Инна Леонидовна пересчитала «своих» и со спокойной душой разлеглась на белом шезлонге под широким зонтом. Несколько часов она могла загорать, не волнуясь – детский бассейн, выложенный разноцветными плитками и заполненный надувными кругами не умеющей плавать мелкоты, колыхался прямо перед ее глазами.
Дима вместе со всеми нырнул в голубовато-перламутровую воду и стал предаваться свободе движений, благо водные аттракционы, в виде чешуйчатой змейки и гладкого слоника, позволяли заниматься шалостями сколько душе угодно.
Спустя час не только Дима понял, что бултыхание с малышами – не самое почетное занятие для мальчиков, и вскоре целая делегация предстала перед очами «классной»:
— Инна Леонидовна, зачем нам этот лягушатник, пустите нас во взрослый бассейн, там и горка другая, со скоростным спуском!
Размякшая и расслабленная классная мама махнула рукой:
— Делайте, что хотите.
Дима вместе со всеми победно побежал к самой большой горке настоящего бассейна с глубокой водой. Несколько прыжков по ступенькам, и схватывающий дыхание ужас разбился о поверхность – вот что значит настоящий спуск!
Челночная круговерть началась. Дима и не мечтал о таком счастье – он не просто скользил по желобу, а летел: то вперед ногами, то боком, то головой. Он представлял себя сразу и летчиком, и гонщиком, и спортсменом-ныряльщиком – стекающая бурлящая вода наполняла все его существо восторгом лихости и свободного скольжения… В очередном полете вниз головой Дима почувствовал, как его серебряная цепочка с нательным крестиком зацепилась за что-то и, оторвавшись от шеи, упала в воду, напоследок сверкнув – он успел схватить взглядом всплеск от места падения.
Внутри у Димы все похолодело. Он вспомнил слова отца Арсения, сказанные им в воскресной школе: « — Крестик никогда не снимать!
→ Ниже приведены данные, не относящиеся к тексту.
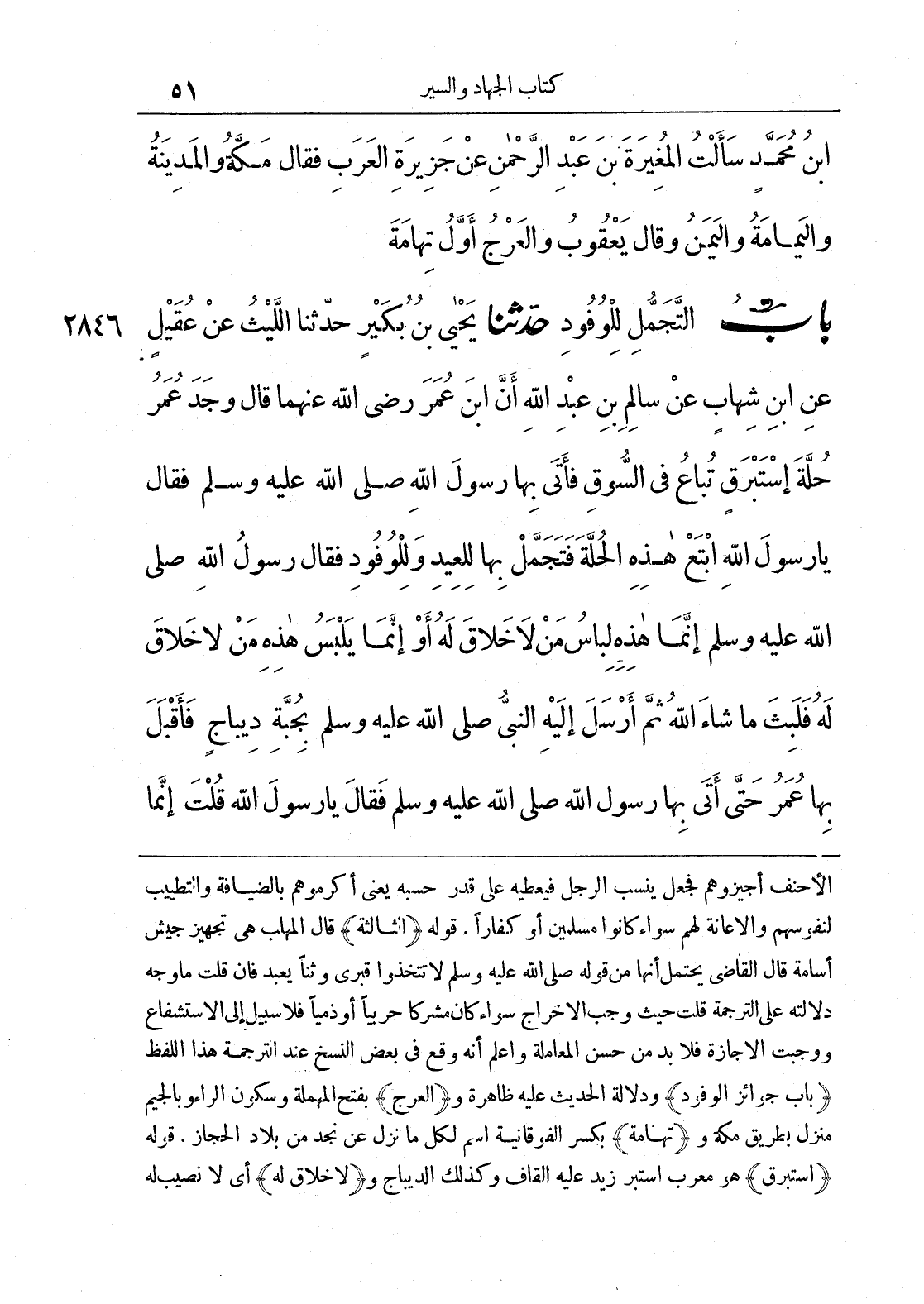 2846 - حَدَّثَنَا يَحْيَى بْنُ بُكَيْرٍ حَدَّثَنَا اللَّيْثُ عَنْ عُقَيْلٍ عَنْ ابْنِ شِهَابٍ عَنْ سَالِمِ بْنِ عَبْدِ اللَّهِ أَنَّ ابْنَ عُمَرَ رَضِيَ اللَّهُ عَنْهُمَا قَالَ وَجَدَ عُمَرُ حُلَّةَ إِسْتَبْرَقٍ تُبَاعُ فِي السُّوقِ فَأَتَى بِهَا رَسُولَ اللَّهِ صَلَّى اللَّهُ عَلَيْهِ وَسَلَّمَ فَقَالَ يَا رَسُولَ اللَّهِ ابْتَعْ هَذِهِ الْحُلَّةَ فَتَجَمَّلْ بِهَا لِلْعِيدِ وَلِلْوُفُودِ فَقَالَ رَسُولُ اللَّهِ صَلَّى اللَّهُ عَلَيْهِ وَسَلَّمَ إِنَّمَا هَذِهِ لِبَاسُ مَنْ لَا خَلَاقَ لَهُ أَوْ إِنَّمَا يَلْبَسُ هَذِهِ مَنْ لَا خَلَاقَ لَهُ فَلَبِثَ مَا شَاءَ اللَّهُ ثُمَّ أَرْسَلَ إِلَيْهِ النَّبِيُّ صَلَّى اللَّهُ عَلَيْهِ وَسَلَّمَ بِجُبَّةِ دِيبَاجٍ فَأَقْبَلَ بِهَا عُمَرُ حَتَّى أَتَى بِهَا رَسُولَ اللَّهِ صَلَّى اللَّهُ عَلَيْهِ وَسَلَّمَ فَقَالَ يَا رَسُولَ اللَّهِ قُلْتَ إِنَّمَا
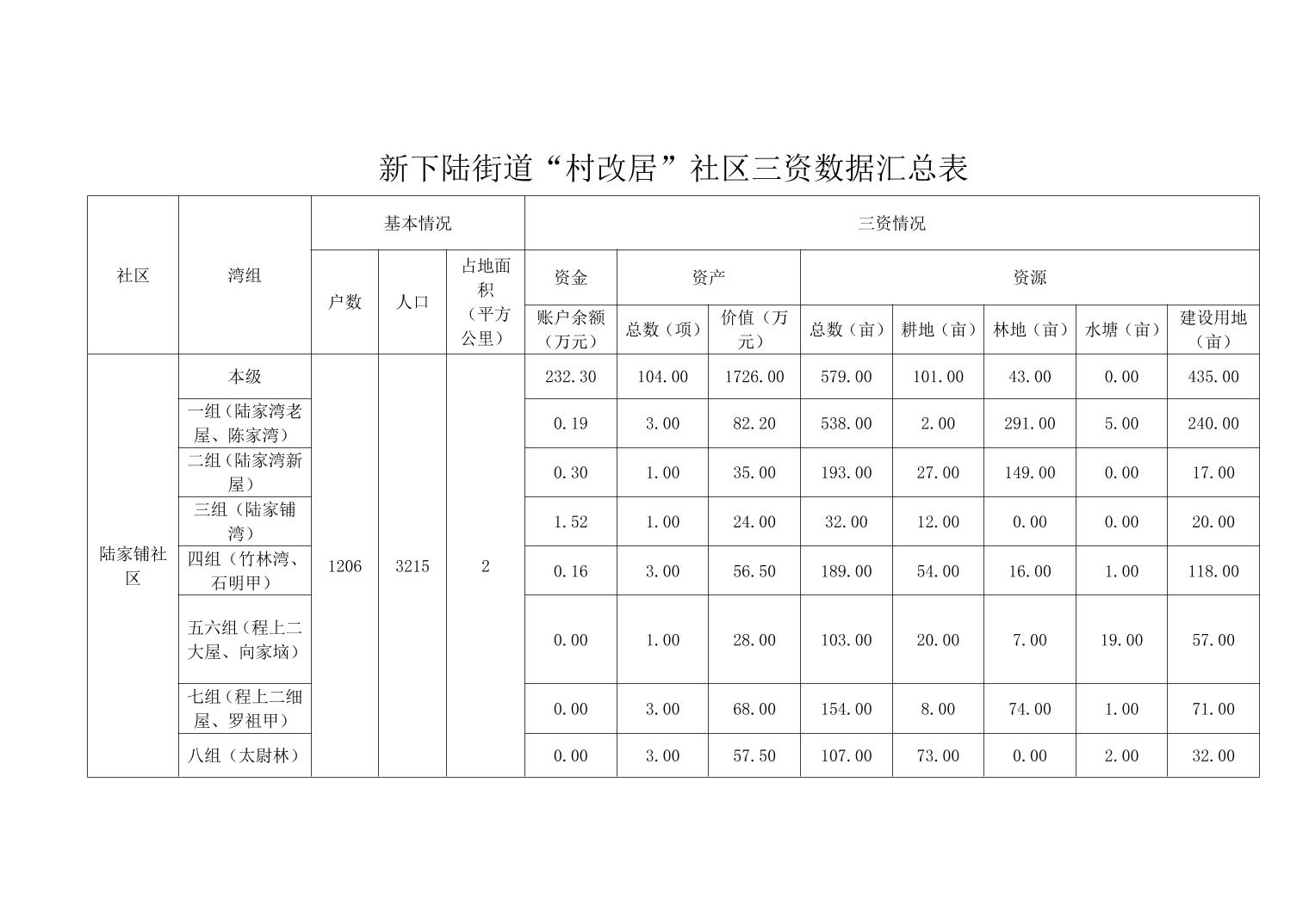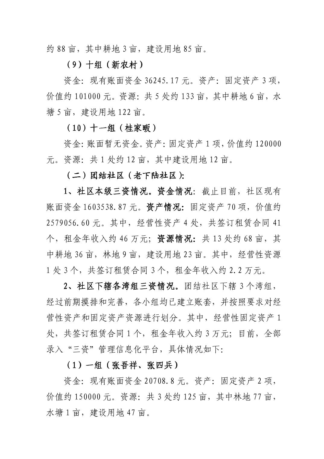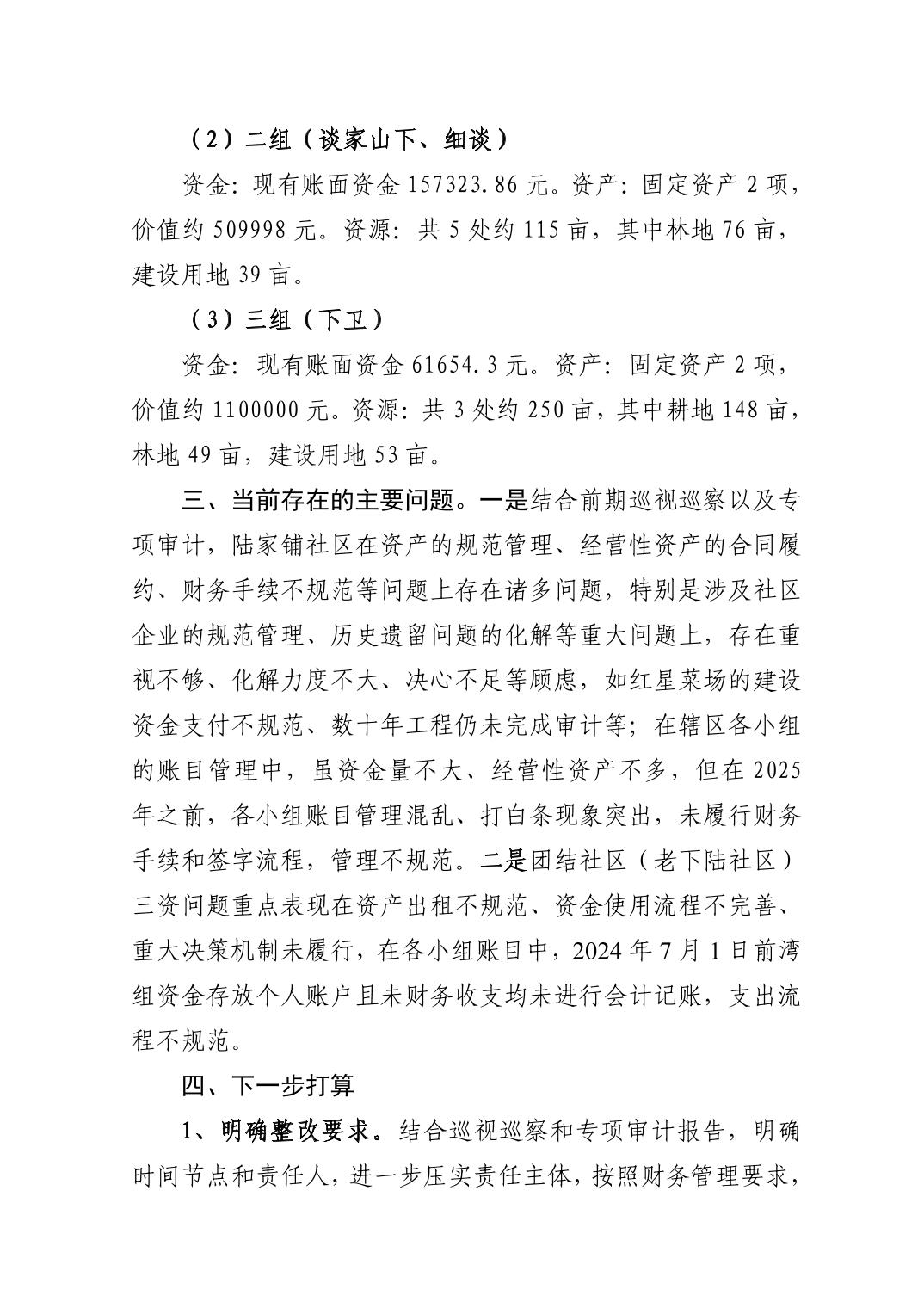 名 称: 关于新下陆街道“村改居”社区集体“三资”管理工作情况报告
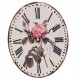 Owalny zegar z różą dzięki wykorzystaniu odpowiednich technik postarzania wygląda na zegar sprzed wielu lat.

Нательный крест – это святыня!» Словно лишенный какого-то невидимого покрова, дважды обнаженный, Дима, не раздумывая, нырнул в глубину, вдохнув как можно больше воздуха.
Верхний шум сменился приглушенным гулом – обмен воды шел постоянно, сверхмощный электромотор насоса перекачивал хлорированную массу по кругу. В расплывшемся водном слое Дима увидел опускающийся далеко и в сторону блеск – он поспешил за ним и на самом дне схватил цепочку. Но всплыть наверх уже не смог – какая-то неистовая сила потащила его к себе.
Диму стало засасывать в коллектор с отверстием слива. Он, сопротивляясь, выставил левую руку вперед, но было уже поздно – откачивающий воду насос бесстрастно заглотал Димину голову в черную пасть трубы. Дима закричал, отчаянно хватаясь за ложбинки плиток, сдирая кожу и ломая ногти, но его уже никто не мог услышать… Тьма взорвалась яркой многоцветной вспышкой, рассыпавшейся на мелкие зеркальные осколки, боль исчезла и наступила тишина. В спокойной облачной сини кто-то в белом нежно взял Диму за руку и повел вперед, к огромному и чистому небу…
Через два часа проходивший мимо бортика мужчина с волосатой грудью и в полосатых плавках, — чуть ли не единственный трезвый среди всеобщего пивного угара, — заметил внизу застывшее в судорожной позе тело подростка:
— Врача! Вызовите врача!
Он нырнул, не став дожидаться подмоги. Сгрудившиеся у бортов бассейна увидели, как в его углу спасатель-любитель пытался вытащить труп, но затем, бросив его, и с неимоверным усилием оттолкнувшись от кафельного дна, выскочил из воды как поплавок, почти по пояс. Его багровое лицо взревело:
— Выключите насос! Немедленно!
Когда спустили воду, два приехавших на вызов спасателя так и не смогли оторвать от смертельного отверстия Димино тело – лишь восемь рук смогли это сделать.
На окровавленном кафеле застывшая ладонь Диминой правой руки мучительно сжимала цепочку с крестиком…
(Журнал «Бийский Вестник», 2018, № 2:
http://biyavestnik.biysk22.ru/2018.html)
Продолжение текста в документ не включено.